#### ENTRIES SUPPLIED
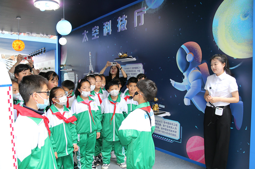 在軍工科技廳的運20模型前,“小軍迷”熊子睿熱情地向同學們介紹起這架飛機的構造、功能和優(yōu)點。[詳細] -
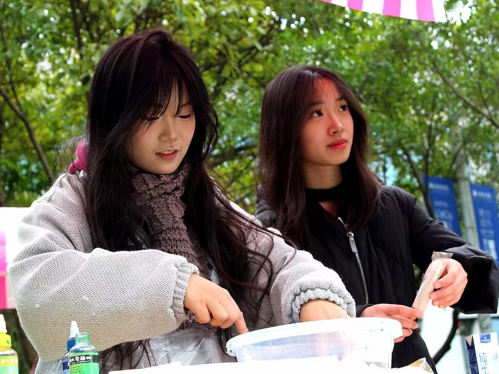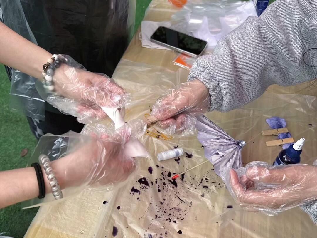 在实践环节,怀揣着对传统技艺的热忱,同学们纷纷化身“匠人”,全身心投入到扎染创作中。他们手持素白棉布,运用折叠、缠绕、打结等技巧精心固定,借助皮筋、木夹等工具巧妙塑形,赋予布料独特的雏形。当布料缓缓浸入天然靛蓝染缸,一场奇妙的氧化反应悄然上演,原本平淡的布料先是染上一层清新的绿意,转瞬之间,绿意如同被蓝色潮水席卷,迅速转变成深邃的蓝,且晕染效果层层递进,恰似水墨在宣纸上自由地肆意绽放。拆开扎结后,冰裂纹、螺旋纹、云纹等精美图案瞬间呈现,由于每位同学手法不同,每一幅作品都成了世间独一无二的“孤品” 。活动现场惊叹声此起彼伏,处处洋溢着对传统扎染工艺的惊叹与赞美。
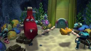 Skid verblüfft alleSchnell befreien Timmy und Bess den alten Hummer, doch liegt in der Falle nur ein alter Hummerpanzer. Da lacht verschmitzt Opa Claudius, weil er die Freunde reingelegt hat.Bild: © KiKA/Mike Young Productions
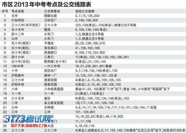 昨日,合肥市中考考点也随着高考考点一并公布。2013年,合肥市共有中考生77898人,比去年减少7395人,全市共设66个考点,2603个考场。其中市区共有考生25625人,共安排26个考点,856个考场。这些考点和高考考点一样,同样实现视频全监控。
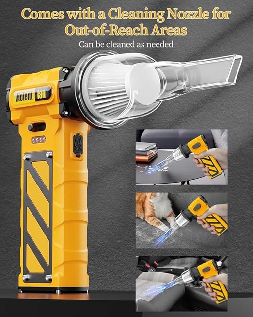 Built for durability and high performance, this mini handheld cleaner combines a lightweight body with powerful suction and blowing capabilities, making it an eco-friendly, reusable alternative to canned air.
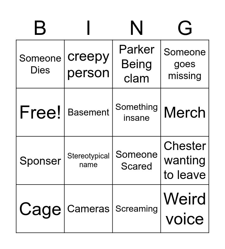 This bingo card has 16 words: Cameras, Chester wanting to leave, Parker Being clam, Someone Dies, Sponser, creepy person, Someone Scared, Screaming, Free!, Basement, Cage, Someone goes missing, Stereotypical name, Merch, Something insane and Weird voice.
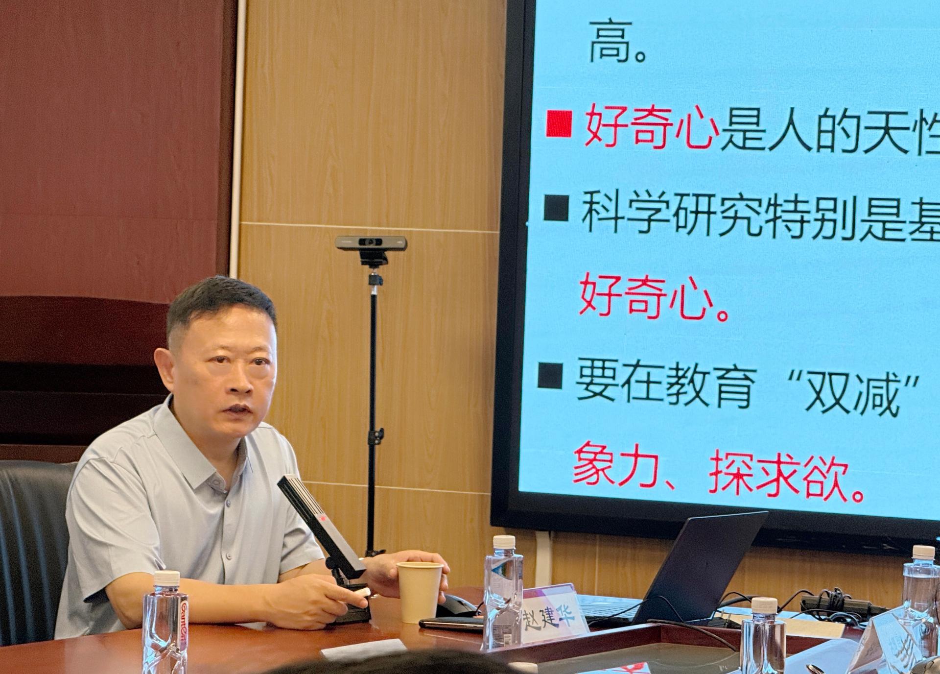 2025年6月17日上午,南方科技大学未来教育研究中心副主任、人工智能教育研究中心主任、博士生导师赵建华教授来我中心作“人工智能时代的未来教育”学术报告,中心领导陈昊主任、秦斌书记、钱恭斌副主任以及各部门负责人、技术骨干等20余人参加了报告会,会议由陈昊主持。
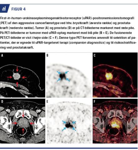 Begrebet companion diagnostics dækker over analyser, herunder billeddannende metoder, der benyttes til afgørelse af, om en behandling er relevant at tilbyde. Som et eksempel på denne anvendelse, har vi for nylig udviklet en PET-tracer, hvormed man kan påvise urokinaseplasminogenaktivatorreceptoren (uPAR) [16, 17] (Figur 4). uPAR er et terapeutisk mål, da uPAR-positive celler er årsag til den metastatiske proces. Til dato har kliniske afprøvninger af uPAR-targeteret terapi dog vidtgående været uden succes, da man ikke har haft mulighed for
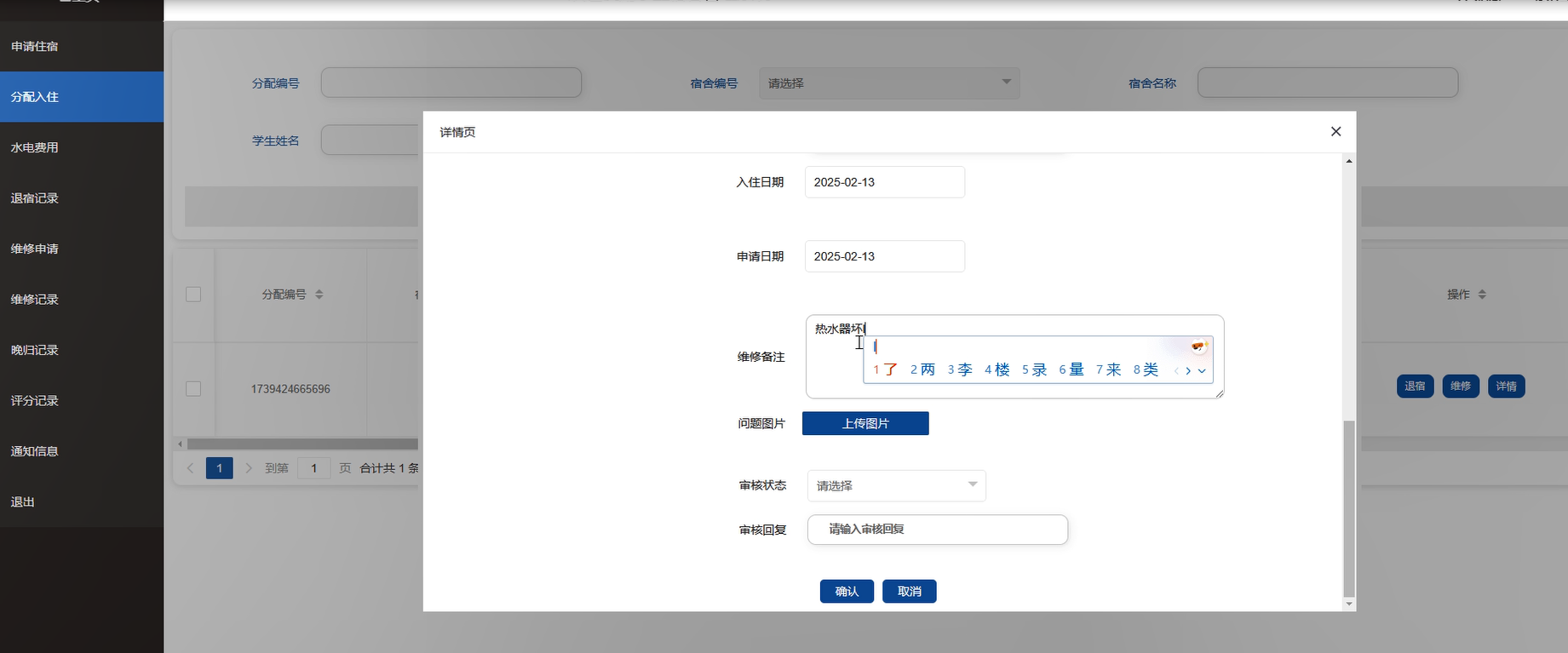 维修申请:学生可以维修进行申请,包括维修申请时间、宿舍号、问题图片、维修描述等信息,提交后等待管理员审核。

#### PROBLEM REQUIREMENTS
Exactly the lines from the top of the entries through the line with "2025年6月17日上午,南", inclusive, must be given again, with every picture omitted.

#### RESPONSE TO THE TASK
 在軍工科技廳的運20模型前,“小軍迷”熊子睿熱情地向同學們介紹起這架飛機的構造、功能和優(yōu)點。[詳細] -
 在实践环节,怀揣着对传统技艺的热忱,同学们纷纷化身“匠人”,全身心投入到扎染创作中。他们手持素白棉布,运用折叠、缠绕、打结等技巧精心固定,借助皮筋、木夹等工具巧妙塑形,赋予布料独特的雏形。当布料缓缓浸入天然靛蓝染缸,一场奇妙的氧化反应悄然上演,原本平淡的布料先是染上一层清新的绿意,转瞬之间,绿意如同被蓝色潮水席卷,迅速转变成深邃的蓝,且晕染效果层层递进,恰似水墨在宣纸上自由地肆意绽放。拆开扎结后,冰裂纹、螺旋纹、云纹等精美图案瞬间呈现,由于每位同学手法不同,每一幅作品都成了世间独一无二的“孤品” 。活动现场惊叹声此起彼伏,处处洋溢着对传统扎染工艺的惊叹与赞美。
 Skid verblüfft alleSchnell befreien Timmy und Bess den alten Hummer, doch liegt in der Falle nur ein alter Hummerpanzer. Da lacht verschmitzt Opa Claudius, weil er die Freunde reingelegt hat.Bild: © KiKA/Mike Young Productions
 昨日,合肥市中考考点也随着高考考点一并公布。2013年,合肥市共有中考生77898人,比去年减少7395人,全市共设66个考点,2603个考场。其中市区共有考生25625人,共安排26个考点,856个考场。这些考点和高考考点一样,同样实现视频全监控。
 Built for durability and high performance, this mini handheld cleaner combines a lightweight body with powerful suction and blowing capabilities, making it an eco-friendly, reusable alternative to canned air.
 This bingo card has 16 words: Cameras, Chester wanting to leave, Parker Being clam, Someone Dies, Sponser, creepy person, Someone Scared, Screaming, Free!, Basement, Cage, Someone goes missing, Stereotypical name, Merch, Something insane and Weird voice.
 2025年6月17日上午,南方科技大学未来教育研究中心副主任、人工智能教育研究中心主任、博士生导师赵建华教授来我中心作“人工智能时代的未来教育”学术报告,中心领导陈昊主任、秦斌书记、钱恭斌副主任以及各部门负责人、技术骨干等20余人参加了报告会,会议由陈昊主持。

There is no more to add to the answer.